Transcript
Hello, everyone, Welcome to Tuesday, the S&P 500 was down .16%. Today, unfortunately for us, in my models, I have more value and value did not have a great day today. Growth did better, we do have that in the taxable side. So we did, you know, see some decent situation there. But the big catalyst today was a retail sales report that came out softer than expected for February. And so what that did was that released some of the pressure that was happening about inflation going on, you know, really right now, and so that the yield on the 10 year Treasury when it drops, we see growth stocks go up in value, stocks, underperform, and then when the yield goes up, because there’s more inflationary pressure, you know, we see the value stocks do better and grow, stocks go down.
That’s exactly the pattern we’ve been seeing here for quite a while. And so, you know, my expectations, and the kind of the long game here is that yields are going to go up, you know, because this pandemic is going to get under control. This big stimulus is now being delivered, right as we speak. And the combination of that with the pent up demand, we’re going to see, you know, this big move. And we’re also going to see, in my opinion, the Federal Reserve not do anything about it, at least from what we’ve seen so far. So that’s the other thing that’s happening right now, the Federal Reserve is meeting today. They’re meeting tomorrow, and then Chairman Powell is going to talk tomorrow. And so people are really looking at, you know, what is he going to say? You know, are they going to raise interest rates sooner than they said? Or are they going to, you know, stop doing their quantitative easing, which is their bond buying program. Sooner than they said, they’ve been very consistent about saying they want to not worry too much about inflation at this point in time, they want to get back to full employment. And they feel like the bigger risk is economic downturn, and not upturn. So, really interesting to see how this plays out. As far as that goes, there was a survey by Bank of America that they do every month of these big money managers, 220 money managers, $630 billion of assets under management.

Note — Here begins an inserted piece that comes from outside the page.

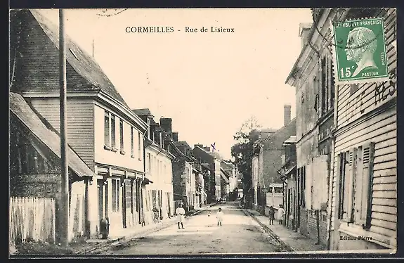 AK Cormeilles, Rue de Lisieux animée avec passants et bâtiments anciens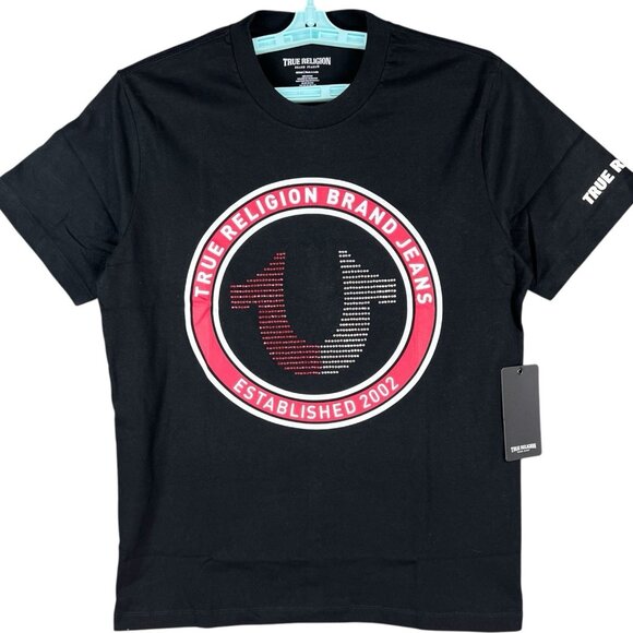 True Religion Men's Jet Black Strike Embellished Short Sleeve T-shirt Medium NWT

And the number one concern for the last year has been the virus, or the vaccine delivery, the vaccine, those type things that this was the first month where the number one concern was actually something else. It was inflation. So they’re on the same side of the page that I am on here. And they’ve moved to their lowest position of tax and growth stocks for the last year, and they moved to their highest position of value stocks. So we’re in good company here. We’re on the right side of this, it might take a little bit of patience, you know, for this thing to play out. But the gains that we could get here, I think it’d be really, really great, especially the way things are structured right now. So didn’t see that today. But I think we will see it. We will continue to see rockiness here even this week, because that always happens when the Federal Reserve’s meeting, but I’ll be very interested to see what happens, you know, later on this week and how this plays out.
But so anyway, that’s what’s happening today, I think, you know, we’ll have to wait are through this is, you know, again, for all of us, this is our first pandemic, to see how this plays out. But I feel like the theme that we’re looking at, is very strong. The trend is definitely there didn’t happen today. But if you look at the last three, four months, boy, all of these things have been doing really, really well as there’s an expectation of recovery that’s coming, you know, towards us as far as that goes. So, look forward to seeing what’s gonna happen tomorrow. After that.